The NGO report says that Liquid Gas Europe, a lobby group for EU liquid petroleum gas firms, created Rural Futures — an organization undeclared in the lobbying register — “to pose as [a] grassroots campaign.” On its website, Rural Futures says it is “a campaign supported by Liquid Gas Europe.”

Rural Futures pitches itself as a group looking out for the interests of rural people who will have a harder time in the green transition, and calls boilers “reliable and cost-effective technology.” It has previously hosted events, including one with Irish MEP Seán Kelly, the lead lawmaker on the EPBD for the European People’s Party.

While parliamentary negotiators are supposed to declare “scheduled meetings with interest representatives,” according to the institution’s rules, the ambiguous definition of “any meeting with the purpose of influencing the policy” creates a blurred line for industry-sponsored events.

After POLITICO contacted Kelly for comment, the Rural Futures event was added to his registry, said an assistant to the MEP.

The assistant called it an “admin error” and said “it was our understanding that we didn’t break any rules,” adding: “We should be better with transparency.”

“We intend to ensure that we will register any meetings, potentially considered to be lobbying in the future to avoid any further doubt about Mr Kelly’s integrity,” they added.

Liquid Gas Europe General Manager Ewa Abramiuk-Lete said Rural Futures is “an online campaign visibly supported by Liquid Gas Europe” and “its member companies fully abide to the rules set out in the EU Transparency Register.” 

Chit-chatting

That wasn’t Kelly’s only meeting on the issue.

Abramiuk-Lete told POLITICO she met with Kelly “informally” in Strasbourg at plenary sessions of the European Parliament, where they “discuss[ed] the issue” as well as at three European Energy Forum dinner events in the past year. These didn’t appear under Kelly’s virtual registry as of March 14. 

Kelly’s assistant said the discussions with Abramiuk-Lete at the dinners constituted “passing conversations” that “didn’t influence the policy process.”

The Energy Forum is a non-profit that aims to inform MEPs about energy policy.

The EPP ended up pushing hard for the amendment that throws a lifeline to the boiler industry.

Kelly denied that the lobbying efforts played a role, saying he met with the gas sector “disproportionately less than others.”
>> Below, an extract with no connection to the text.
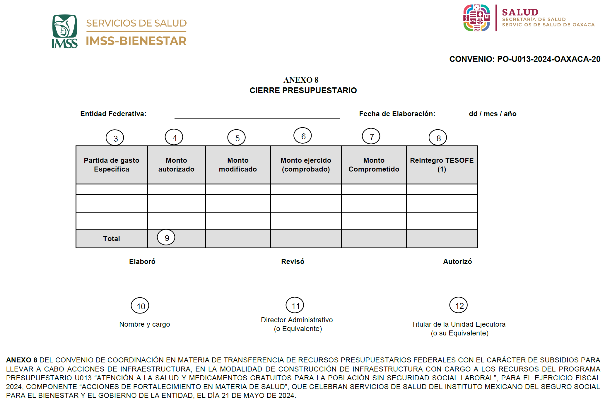 ANEXO 8 DEL CONVENIO DE COORDINACIÓN EN MATERIA DE TRANSFERENCIA DE RECURSOS PRESUPUESTARIOS FEDERALES CON EL CARÁCTER DE SUBSIDIOS PARA LLEVAR A CABO ACCIONES DE INFRAESTRUCTURA, EN LA MODALIDAD DE CONSTRUCCIÓN DE INFRAESTRUCTURA CON CARGO A LOS RECURSOS DEL PROGRAMA PRESUPUESTARIO U013 "ATENCIÓN A LA SALUD Y MEDICAMENTOS GRATUITOS PARA LA POBLACIÓN SIN SEGURIDAD SOCIAL LABORAL", PARA EL EJERCICIO FISCAL 2024, COMPONENTE "ACCIONES DE FORTALECIMIENTO EN MATERIA DE SALUD", QUE CELEBRAN SERVICIOS DE SALUD DEL INSTITUTO MEXICANO DEL SEGURO SOCIAL PARA EL BIENESTAR Y EL GOBIERNO DE LA ENTIDAD, EL DÍA 21 DE MAYO DE 2024.

“I completely reject the line of questioning that suggests I have special relationship with the gas industry … I have no connection with any industry and I was guided by the priorities of the political group I was representing,” he said.

Parliament’s chief negotiator on the file, Green MEP Ciarán Cuffe, called the amendment “regrettable” but that it was ultimately “required to get the EPP to support the deal.”

In Tuesday’s vote, MEPs agreed on Parliament’s position on the Commission’s 2021 proposed revision of the Energy Performance of Buildings Directive, aimed at decarbonizing the EU’s building stock by 2050.

NGOs are outraged over the boiler loophole — saying out that even if a boiler is certified to use green fuels, it may never actually be plugged into such a system.

“The danger here is essentially it allows business as usual,” for the gas industry, said Jan Rosenow with the Regulatory Assistance Project NGO, since “you could certify a heating system that basically burns fossil fuels for the entirety of its existence as one that could potentially at some point also use renewable fuels.”

He pointed to the shortfall in the ability of green fuels to supply those boilers. The EU currently uses 1,300 terawatt hours of fossil gas a year for heating and cooking, but he estimates that by 2030 the bloc will only be producing and importing a total of 1,014 TWh of green hydrogen and biomethane, much of which will also be used for other purposes like supplying energy-intensive industires.

This is a fact the gas boiler industry knows well, Rosenow said, and means “they will not have to make major alterations” to their business models.

Still, Federica Sabbati, secretary-general of the European Heating Industry, said biogas and hydrogen boilers “have a role to play” as the EU needs “everything which is renewable” to meet its 2050 target.

“The bottom line is we need to keep all the doors open … because we know that electricity alone will not be able to decarbonize all types of buildings everywhere in Europe.”